BGH, Urt. v. 24.1.2013 – III ZR 98/12
Sachverhalt
Der Kl. macht die Verurteilung des Bekl. Telekommunikationsunternehmens zur Zahlung von Schadensersatz geltend, weil er seinen Internetanschluss für längere Zeit nicht nutzen konnte. Der Kl. hatte mit der Rechtsvorgängerin der Bekl. einen Vertrag über die Bereitstellung eines DSL-Anschlusses geschlossen, über den er auch seinen Telefon- und Telefaxverkehr abwickelte. Nachdem die Vertragsparteien einen Tarifwechsel zum 15.12.2008 vereinbart hatten, war der Anschluss des Kl. unterbrochen. Der Bekl. gelang es nach mehreren Mahnungen des Kl. nicht, die Verbindung zum Internet wieder herzustellen. Der Kl. kündigte daraufhin den Telekommunikationsvertrag und wechselte zu einem anderen Diensteanbieter, der die Aufschaltung des Anschlusses an sein Netz zum 16.2.2009 vornahm. Der Kl. hat von der Bekl. den Ausgleich der Mehrkosten infolge des Vertragsschlusses mit dem anderen Anbieter und für die Nutzung eines Mobiltelefons zwischen dem 16.12.2008 und dem 16.2.2009 verfolgt. Weiterhin hat er mit der Klage Schadensersatz für den Fortfall der Möglichkeit der Nutzung des DSL-Anschlusses während dieses Zeitraums für das Festnetztelefon sowie für den Telefax- und Internetverkehr i.H.v. 50 EUR täglich verlangt. Das AG hat dem Kl. das höhere bei dem anderen Dienstanbieter anfallende Entgelt und für die Kosten der Mobilfunknutzung zuerkannt, im Übrigen die Klage abgewiesen. Die Berufung des Kl. und die Anschlussberufung der Bekl. blieben erfolglos. Mit der von dem BG zugelassenen Revision hat der Kl. seinen Anspruch auf Schadensersatz für die entgangene Nutzungsmöglichkeit seines DSL-Anschlusses weiter verfolgt. Die Revision führte zur Aufhebung des angefochtenen Urteils und Zurückverweisung an das BG.
2 Aus den Gründen:
[7] "… 1. Da das BG die Revision beschränkt auf die Schadenshöhe zugelassen hat, hat der Senat bei seiner Entscheidung ohne Weiteres davon auszugehen, dass der Kl. dem Grunde nach einen Schadensersatzanspruch gem. § 280 BGB hat, weil die Bekl. ihre vertraglich vereinbarten Pflichten schuldhaft verletzte, indem sie die ihr obliegende Leistung im Zeitraum vom 15.12.2008 bis zum 16.2.2009 nicht erbrachte."

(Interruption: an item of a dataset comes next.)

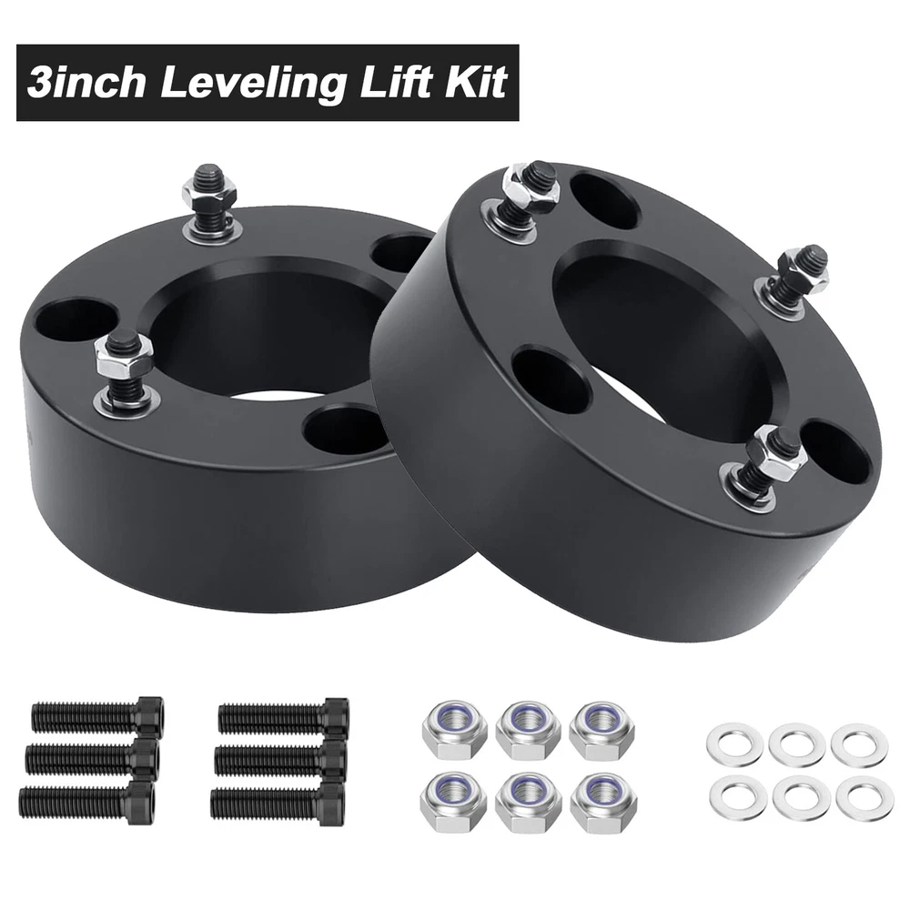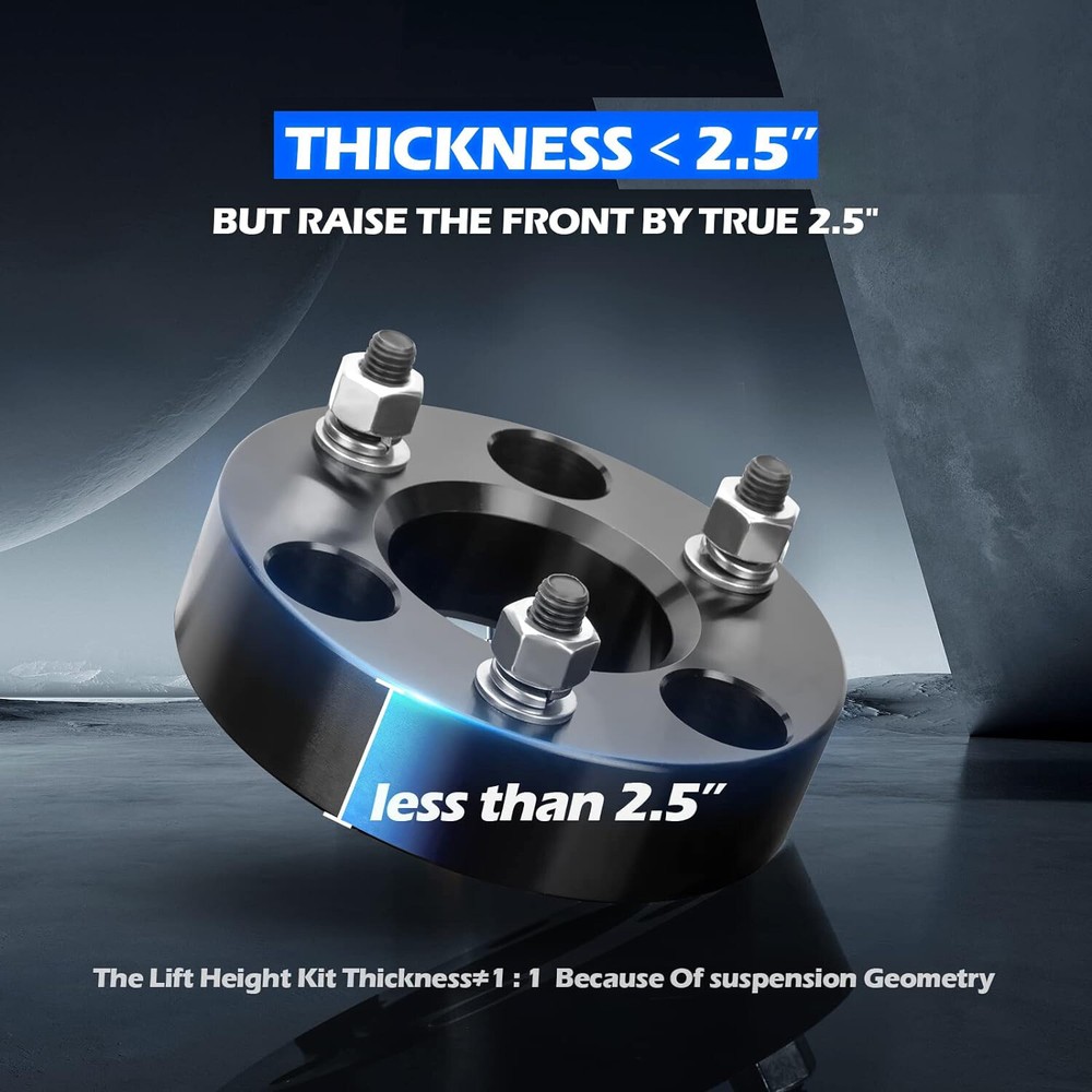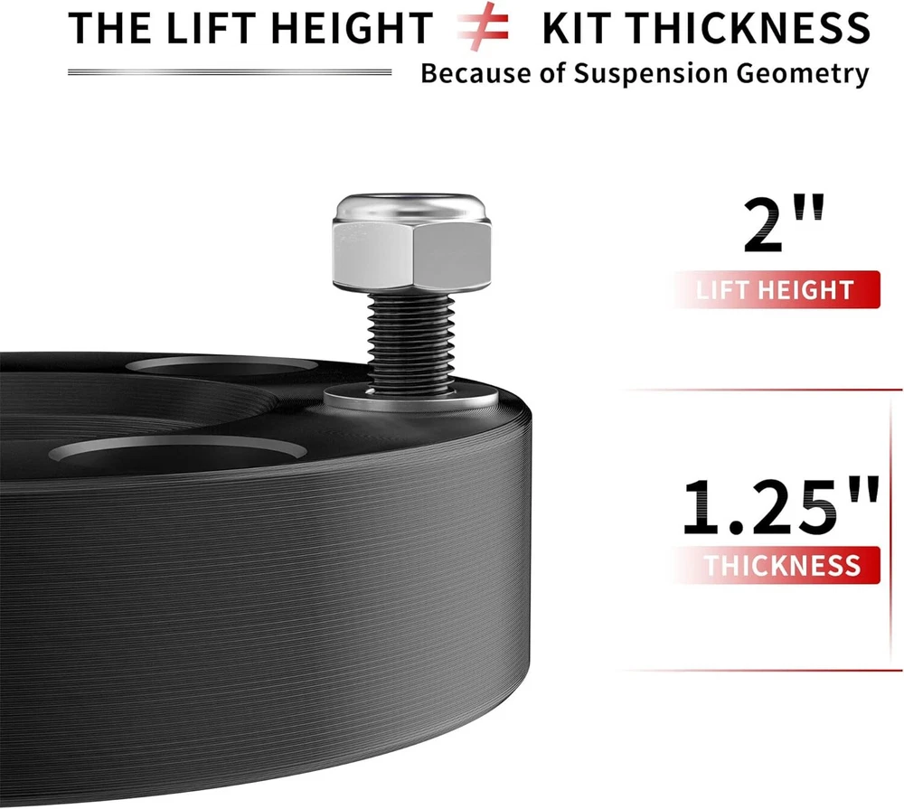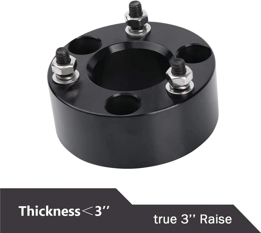 【Compatible】2006-2024 Ram 1500(4WD Only), 2005-2011 Dakota (2WD Only), 2006-2009 Mitsubishi Raider (2WD 4WD) - Not fit Mega Cab Models or Ram Rebel Models.Not compatible with trucks equipped with the Active-Level Four-Corner Air Suspension. 【Benefits】(1)CNC automatic processing ensure high accuracy and stability(0.02mm), Provide accurate hole position for easy installation (2)6061-T6 aluminum forged alloymaterial sturdy and durable (3)High quality pre-installed heat treated 12.9 grade studs 【Function】The kit provides unparalleled ground clearance, Used to conquer off-road obstacles,And allow the installation of larger rims and tires. Make your truck look more aggressive 【Easy Install】Installation can be completed within 1-2 hours, No cutting and drilling required and does not require strut/coil disassembly like other kits 【Note】Improve the front of your truck by 2/2.5/3 inches, bringing a perfect change in the appearance, performance and style of your truck. Because of suspension geometry,the ratio between lift height and kit thickness is not 1:1 Compatible with: 2006-2024 Ram 1500(4WD Only) 2005-2011 Dakota (2WD Only) 2006-2009 Mitsubishi Raider (2WD 4WD) Not fit Mega Cab Models or Ram Rebel Models. Not compatible with trucks equipped with the Active-Level Four-Corner Air Suspension. 2inch Leveling Lift Kit Specifications: Quantity: Two (2) Real thickness: 1.25" Raise height: 2" Material: 6061-T6 Aerospace Grade Aluminum with 12.9 grade studs 2.5inch Leveling Lift Kit Specifications: Quantity: Two (2) Real thickness: 1.6" Raise height: 2.5" Material: 6061-T6 Aerospace Grade Aluminum with 12.9 grade studs 3inch Leveling Lift Kit Specifications: Quantity: TWO (2) Real thickness: 2" Raise height: 3" Material: 6061-T6 Aerospace Grade Aluminum with 12.9 grade studs Important Note: Due to suspension geometry, the ratio of the lifting height to the thickness of the lift kit is not 1:1. Package: 2 x Front Leveling Lift Kit 1 Set Nut.

[8] 2. Der Auffassung der Vorinstanz, der Kl. könne für den durch die Unterbrechung des DSL-Anschlusses verursachten Fortfall der Möglichkeit, das Festnetztelefon, das Telefaxgerät und mittels seines Computers das Internet zu nutzen, keinen Schadensersatz verlangen, der über den Ersatz der Mehrkosten für den Anschluss bei dem anderen Diensteanbieter und für den Einsatz des Mobiltelefons hinausgehe, vermag der Senat nicht beizutreten.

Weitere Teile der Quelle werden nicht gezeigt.